Return the entries below in their exact form, leaving the pictures out.

§ EXERCISE MATERIAL
━━━━━━━━━━━━━━━━

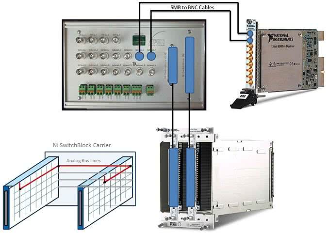 Dodatkowo, sygnały stymulujące z modułów PXI mogą być poprowadzone poprzez IAP oraz NI SwitchBlock prosto do testowanej jednostki ECU.
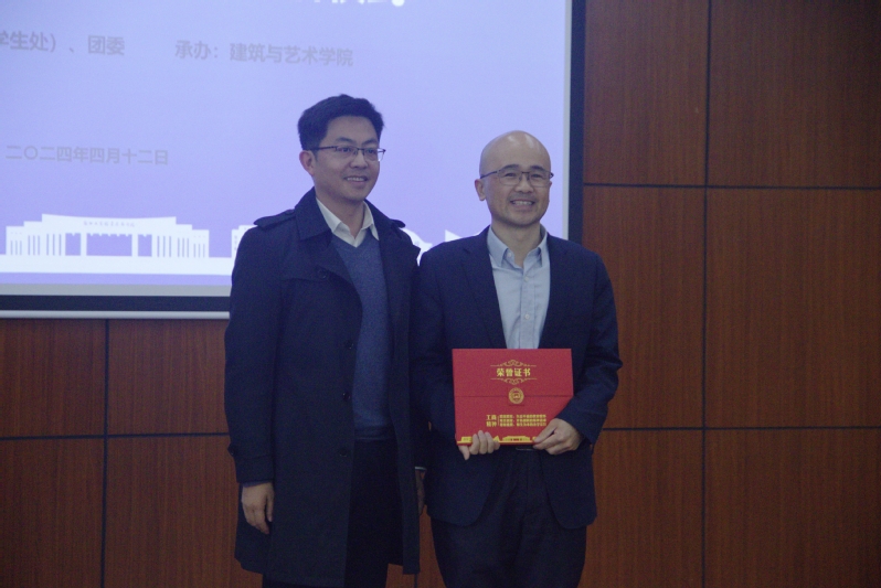 随后,建筑与艺术学院党总支书记戴亚娥为夏友谊、丁峰颁发“客座教授”聘书。谢骏为夏友谊颁发德育导师聘书。
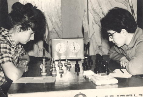 By the late fifties, use of these pieces migrated to Georgia SSR, where they became very popular, and used in major tournaments there and nearby Yerevan for decades. It was in Georgia that they likely evolved into the form seen on the cover of Tal’s biography, complete with the taller bases and stout pawns with very short stems. The next three photos show the Tal pieces in use in Georgia from 1959 to 1979.
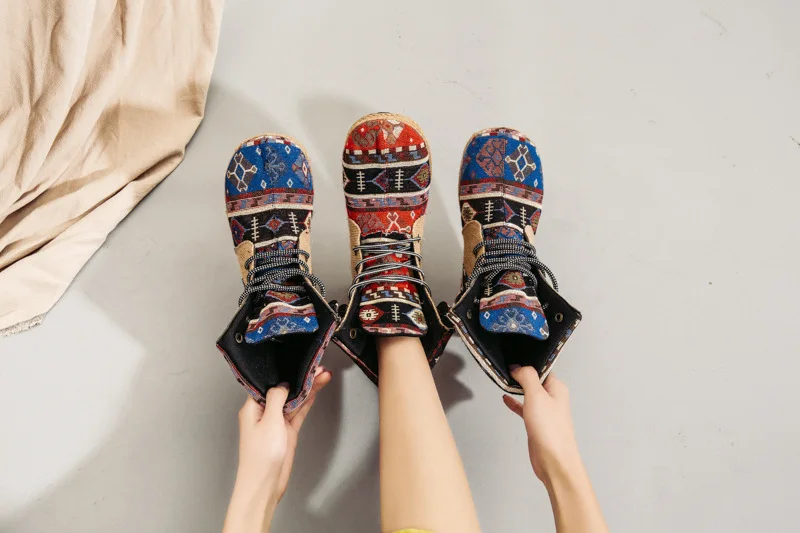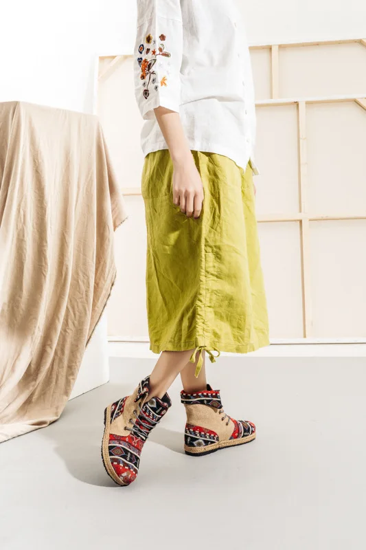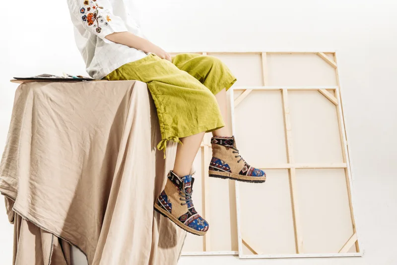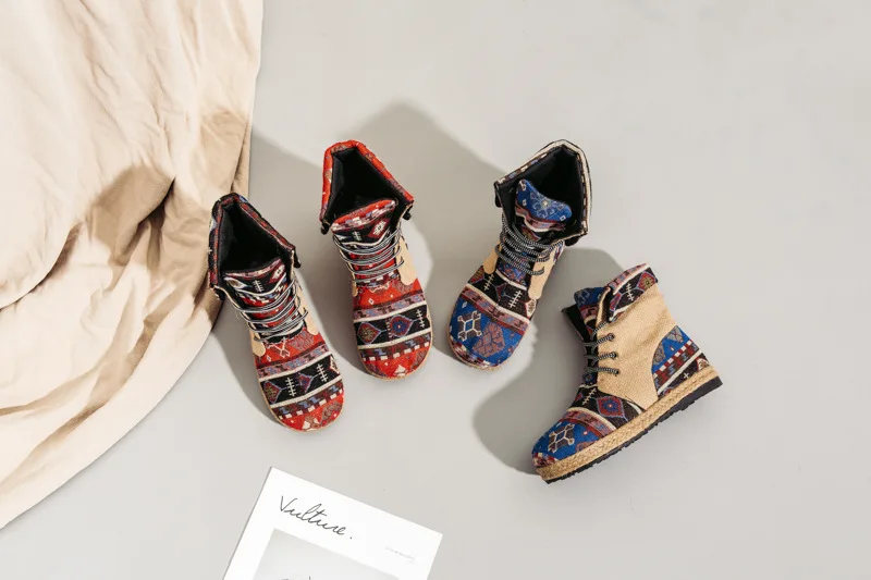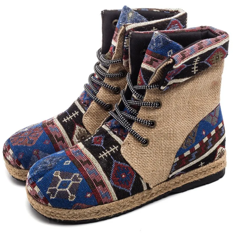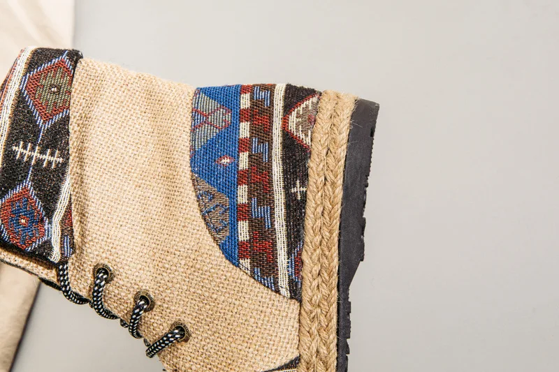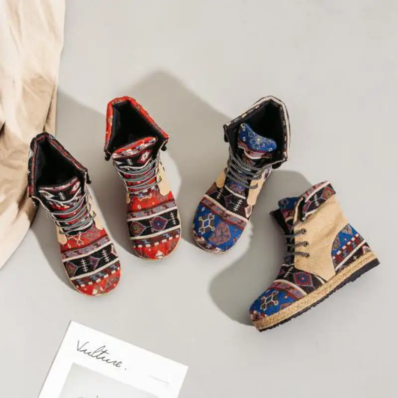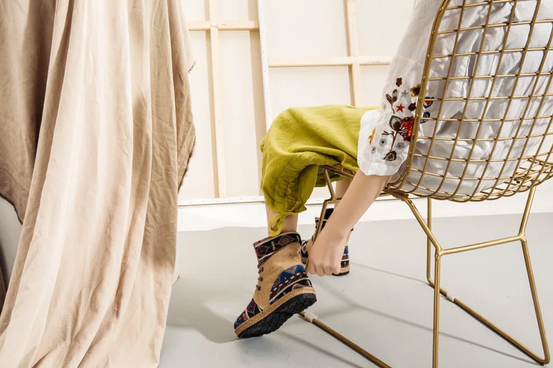 Женские ботинки в стиле ретро Johnature, ботинки из хлопка и льна на плоской подошве, с круглым носком, на шнуровке, в национальном стиле, разные цвета, 2022
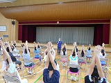 初日の今日は、あいにくの雨。体育館で、水泳について講義をしていただきました。
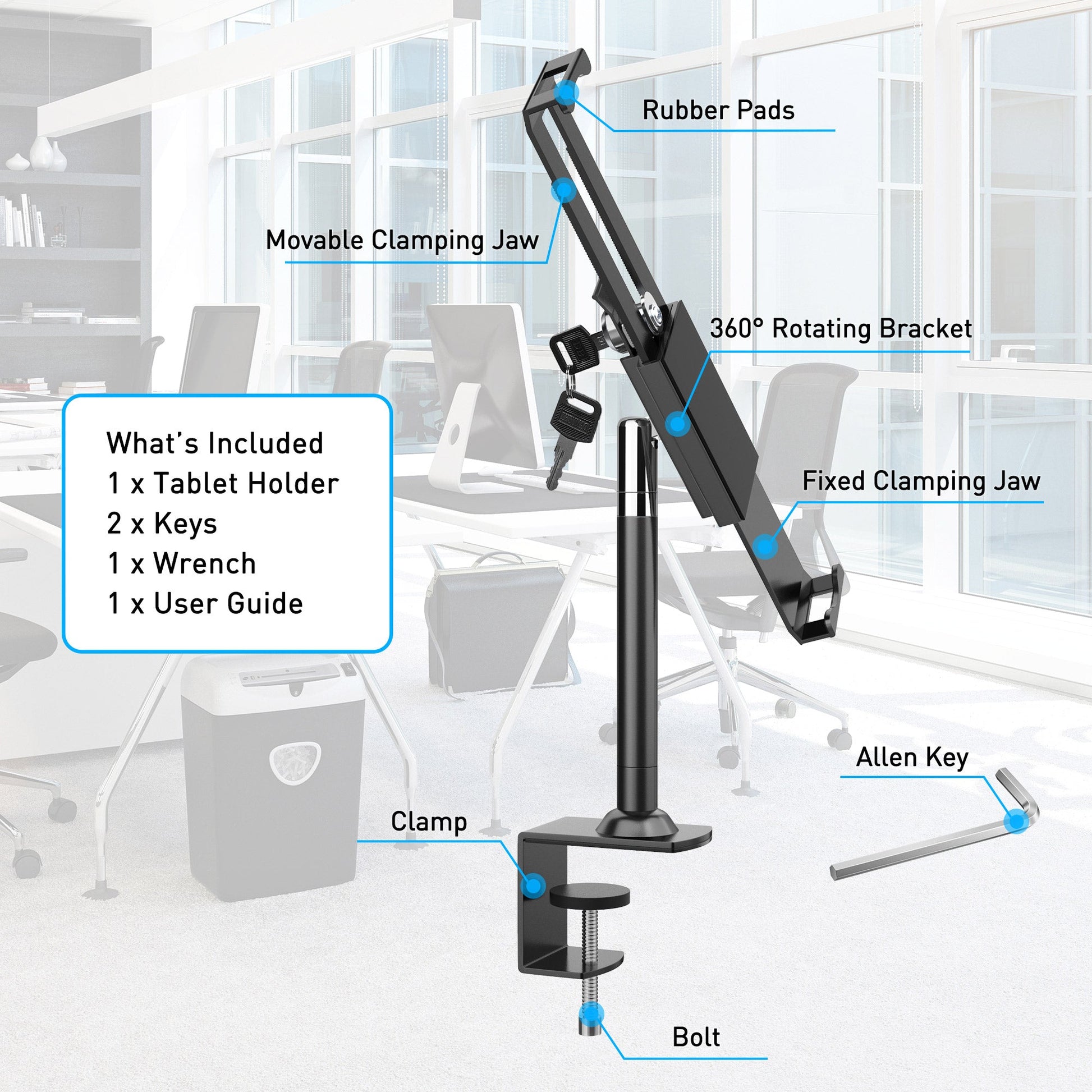 - TOTAL SECURITY in 1 MINUTE - EASY & HASSLE FREE: iPad locking tablet anti theft stand is as easy as mounting the ipad swivel stand holders to table base, tighten the ipad lock mount bolt, adjust anti theft ipad mount locking jaws around tablet and your tablet stand for retail is ready!
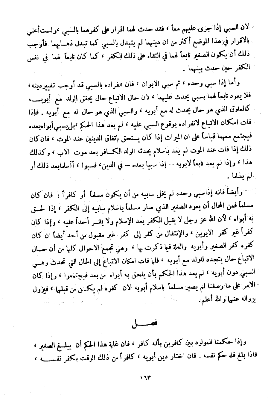 وأيضا فإنه إذا سبي وحده لم يخل سابيه من أن يكون مسلما أو كافرا: فإن كان مسلما فمن المحال أن يعود الصغير الذي صار مسلما بإسلام سابيه إلى الكفر، إذا لحق به أبواه، لأن الله عز وجل لا يقبل الكفر بعد الإسلام ولا يقر أحدا عليه، وإذا كان كفرا غير كفر الأبوين، والانتقال من كفر إلى كفر غير مقبول من أحد أيضا أن كان كفره كفر الصغير وأبويه والعلة فيما ذكرت بها، وهي تجمع الأحوال كلها من أن حال الإتباع حال يتجدد للولد مع أبويه، فلما فات أمكان الإتباع إلى الحل التي تحدث وهي السبي دون أبويه، لم يعد هذا الحكم بان يلحق به أبواه من بعد فيجتمعوا، وإذا كان الأمر على وصفنا لم يصير مسلما بإسلام أبويه لأن كفر ولم يكن من قبلهما، فيزول بزواله عنهما والله أعلم.

━━━━━━━━━━━━━━━━

§ WRITTEN ANSWER
 Dodatkowo, sygnały stymulujące z modułów PXI mogą być poprowadzone poprzez IAP oraz NI SwitchBlock prosto do testowanej jednostki ECU.
 随后,建筑与艺术学院党总支书记戴亚娥为夏友谊、丁峰颁发“客座教授”聘书。谢骏为夏友谊颁发德育导师聘书。
 By the late fifties, use of these pieces migrated to Georgia SSR, where they became very popular, and used in major tournaments there and nearby Yerevan for decades. It was in Georgia that they likely evolved into the form seen on the cover of Tal’s biography, complete with the taller bases and stout pawns with very short stems. The next three photos show the Tal pieces in use in Georgia from 1959 to 1979.
 Женские ботинки в стиле ретро Johnature, ботинки из хлопка и льна на плоской подошве, с круглым носком, на шнуровке, в национальном стиле, разные цвета, 2022
 初日の今日は、あいにくの雨。体育館で、水泳について講義をしていただきました。
 - TOTAL SECURITY in 1 MINUTE - EASY & HASSLE FREE: iPad locking tablet anti theft stand is as easy as mounting the ipad swivel stand holders to table base, tighten the ipad lock mount bolt, adjust anti theft ipad mount locking jaws around tablet and your tablet stand for retail is ready!
 وأيضا فإنه إذا سبي وحده لم يخل سابيه من أن يكون مسلما أو كافرا: فإن كان مسلما فمن المحال أن يعود الصغير الذي صار مسلما بإسلام سابيه إلى الكفر، إذا لحق به أبواه، لأن الله عز وجل لا يقبل الكفر بعد الإسلام ولا يقر أحدا عليه، وإذا كان كفرا غير كفر الأبوين، والانتقال من كفر إلى كفر غير مقبول من أحد أيضا أن كان كفره كفر الصغير وأبويه والعلة فيما ذكرت بها، وهي تجمع الأحوال كلها من أن حال الإتباع حال يتجدد للولد مع أبويه، فلما فات أمكان الإتباع إلى الحل التي تحدث وهي السبي دون أبويه، لم يعد هذا الحكم بان يلحق به أبواه من بعد فيجتمعوا، وإذا كان الأمر على وصفنا لم يصير مسلما بإسلام أبويه لأن كفر ولم يكن من قبلهما، فيزول بزواله عنهما والله أعلم.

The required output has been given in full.